B. ADVANTAGE OF AN IMMUNE APPROACH AGAINST EMT

The therapeutic alternative of targeting EMT-TFs as a means of alleviating EMT implies the targeting of intracellular molecules, a fact that precludes the use of monoclonal antibodies. In addition, conventional pharmacological approaches have been so far unsuccessful for the targeting of transcription factors due to their lack of a specific groove for tight binding of an inhibitor. In this context, T-cell mediated immunotherapy offers a distinct possibility. Because T cells recognize a target in the form of short peptides presented in the context of the major histocompatibility complex (MHC) on the surface of target cells, T-cell mediated immunotherapy can be used to target molecules irrespective of their cellular localization. By immunizing the patient against one of the relevant EMT-TFs. an effective T-cell immune response could be elicited that, in turn, could selectively eradicate tumor cells expressing the EMT driver of choice.
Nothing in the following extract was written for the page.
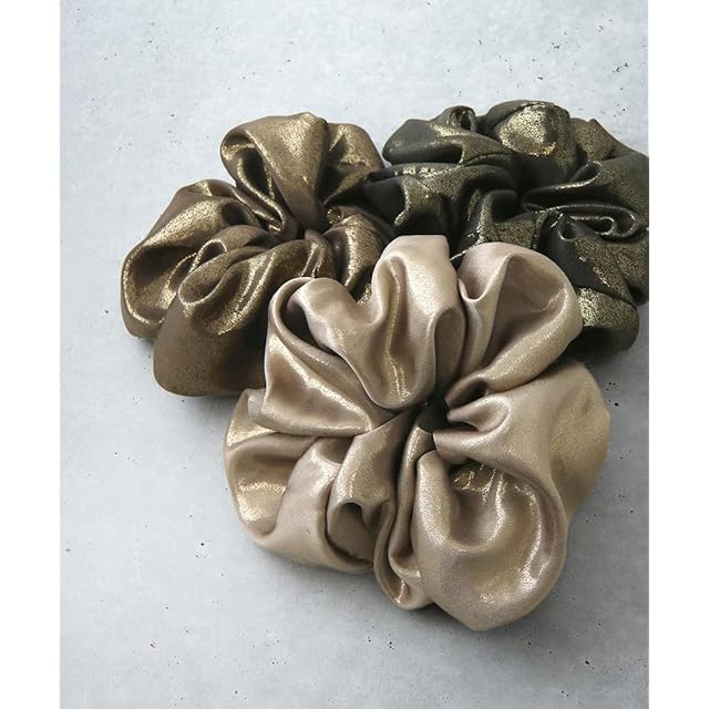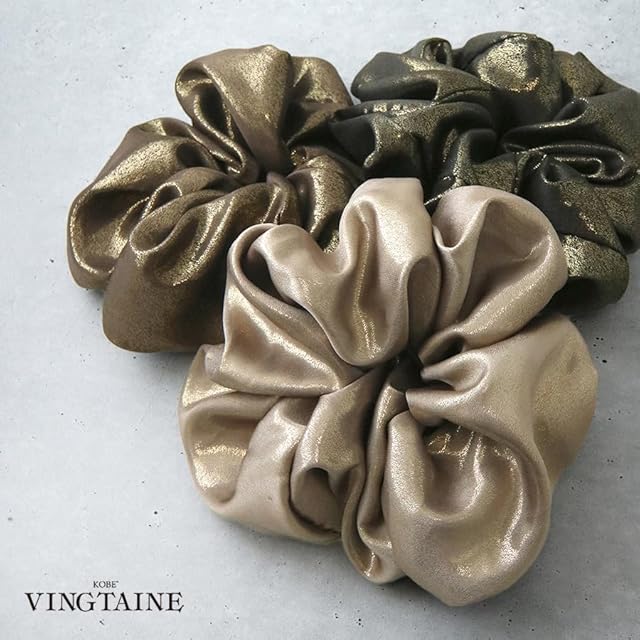繊細なメタリックの輝きが、光の角度によって表情を変えるシュシュ。まとめ髪にひと巻きするだけで、洗練された印象に。オフィスでもお出かけでも、さりげなく品格を添えるデザインです。
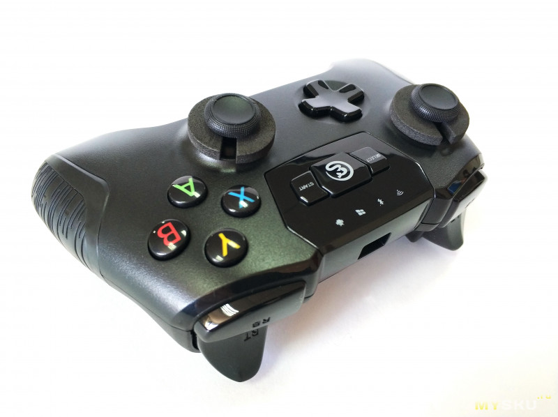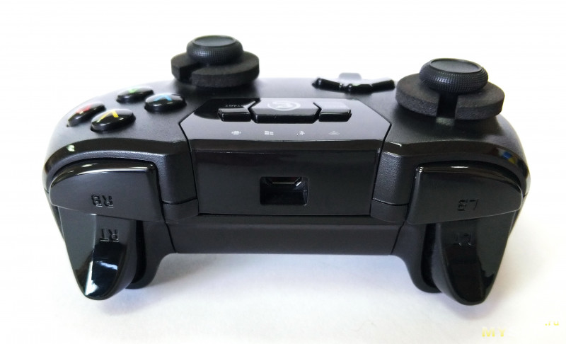 На переднем торце геймпада находится MicroUSB разъём для проводного подключения и следующие элементы управления:

C. IMMUNOTHERAPEUTIC APPROACHES AGAINST CANCER

The aim of an immunotherapeutic approach against cancer is to elicit or to enhance a tumor-specific immune response in the host that, in turn, could mediate tumor control in the long range. There are several approaches currently under investigation to achieve this objective, including (I) vaccination of the patient against a tumor-specific antigen(s), (II) adoptive transfer of tumor-specific T cells and, (III) the blockade of immune inhibitory pathways (immune checkpoints) that mediate tumor evasion by restricting T-cell activation or effector function.

I. CANCER VACCINES

Therapeutic cancer vaccines are designed to stimulate a tumor-specific immune response by immunizing the patient against one or several tumor antigens, and may utilize one of four basic platforms: recombinant vectors, dendritic cell-based vaccines, whole tumor cell vaccines and peptide/protein vaccines (Palena & Schlom, 2010). Unlike standard cancer treatments, therapeutic cancer vaccines have shown no associated toxicities and their immunotherapeutic effect could be long-lasting. Vector-based vaccines are perhaps one of the most flexible vaccine-delivery systems; among the vectors being evaluated are poxviruses, alphaviruses, bacterial (Salmonella, Listeria) and yeast vectors. In general, the “off-the-shelf” nature of vector vaccines renders them suitable for large, multicenter randomized trials. For example, a poxviral-based vaccine (PROSTVAC) encoding for prostate-specific antigen (PSA) and a triad of costimulatory molecules (B7.1, ICAM-1, LFA-3, TRICOM) is currently being evaluated in an international, Phase III randomized clinical trial in metastatic castration-resistant prostate cancer patients (Madan et al., 2012a; Singh & Gulley, 2014). The pros and cons of each vaccine platform as well as their current status of clinical development have been extensively reviewed elsewhere (Disis, 2014; Larocca & Schlom, 2011; Schlom et al., 2014).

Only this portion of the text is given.